= Virtual private server =

Virtual machine running on a host computer

A virtual private server (VPS) or virtual dedicated server (VDS) is a virtual machine sold as a service by an Internet hosting company.

A virtual private server runs its own copy of an operating system (OS), and customers may have superuser-level access to that operating system instance, so they can install almost any software that runs on that OS. For many purposes, it is functionally equivalent to a dedicated physical server and, being software-defined, can be created and configured more easily. A virtual server costs less than an equivalent physical server. However, as virtual servers share the underlying physical hardware with other VPS, performance may be lower depending on the workload of any other executing virtual machines.

== Virtualization ==
The force driving server virtualization is similar to that which led to the development of time-sharing and multiprogramming in the past. Although the resources are still shared, as under the time-sharing model, virtualization provides a higher level of security, dependent on the type of virtualization used, as the individual virtual servers are mostly isolated from each other and may run their own full-fledged operating system which can be independently rebooted as a virtual instance.

Partitioning a single server to appear as multiple servers has been increasingly common on microcomputers since the release of VMware ESX Server in 2001. VMware later replaced ESX Server with VMware ESXi, a more lightweight hypervisor architecture that eliminated the Linux-based Console Operating System (COS) used in the original ESX.
The physical server typically runs a hypervisor which is tasked with creating, releasing, and managing the resources of "guest" operating systems, or virtual machines.
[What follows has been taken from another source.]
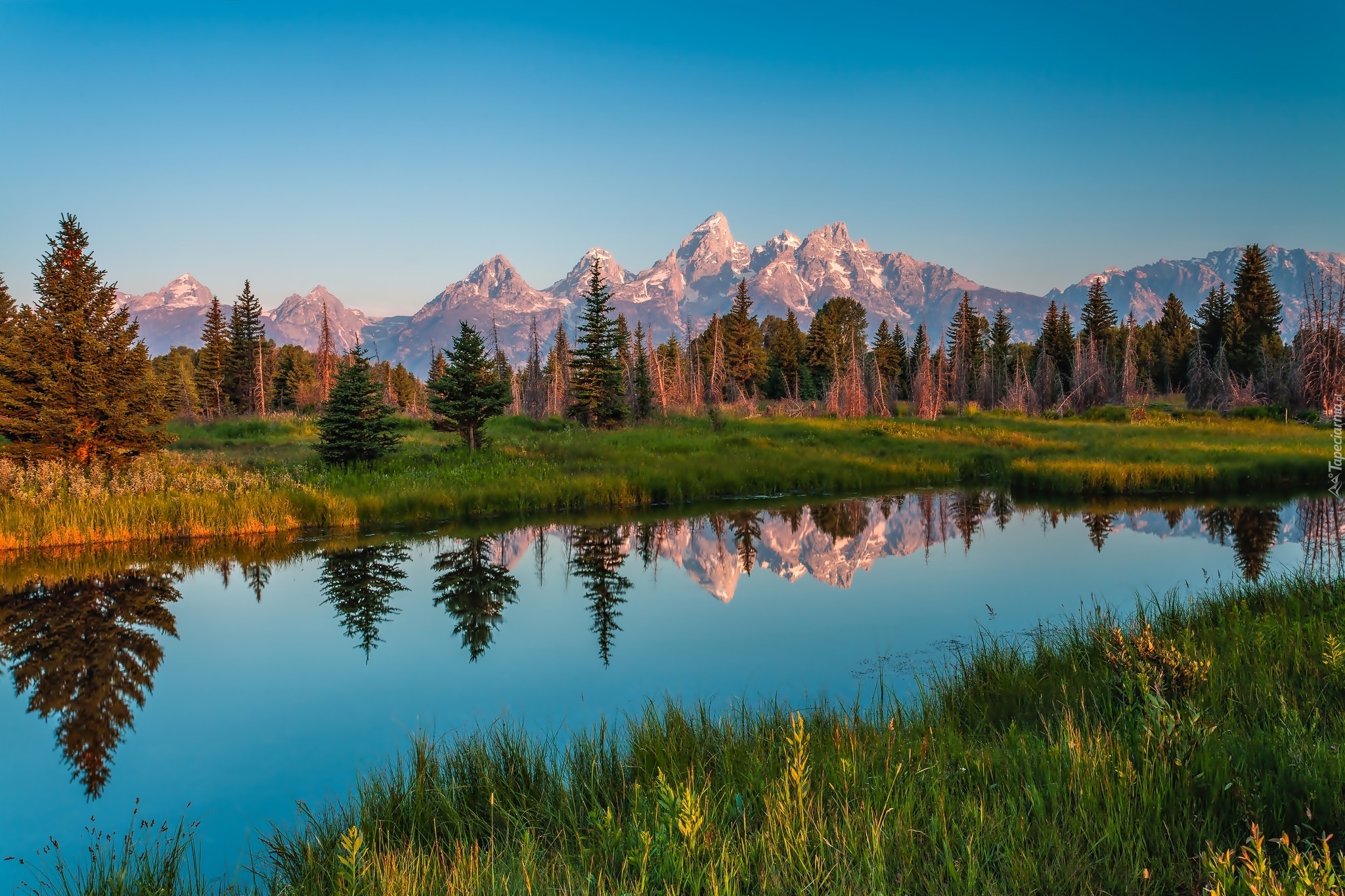 Edytor tapety: Góry, Las, Rzeka, Świt

These guest operating systems are allocated a share of resources of the physical server, typically in a manner in which the guest is not aware of any other physical resources except for those allocated to it by the hypervisor. As a VPS runs its own copy of its operating system, customers have superuser-level access to that operating system instance, and can install almost any software that runs on the OS; however, due to the number of virtualization clients typically running on a single machine, a VPS generally has limited processor time, RAM, and disk space.

There are several approaches to virtualization. In hardware virtualization, a hypervisor such as the Kernel-based Virtual Machine allows each virtual machine (VM) to run its own independent kernel, providing greater isolation from the host system. By contrast, container-based virtualization—for example OpenVZ—shares the host kernel among multiple containers. This can improve resource efficiency, but usually offers less isolation and fewer customization options for each instance.

== Hosting ==
Many companies offer virtual private server hosting or virtual dedicated server hosting as an extension for web hosting services. There are several challenges to consider when licensing proprietary software in multi-tenant virtual environments.

With unmanaged or self-managed hosting, the customer is left to administer their own server instance.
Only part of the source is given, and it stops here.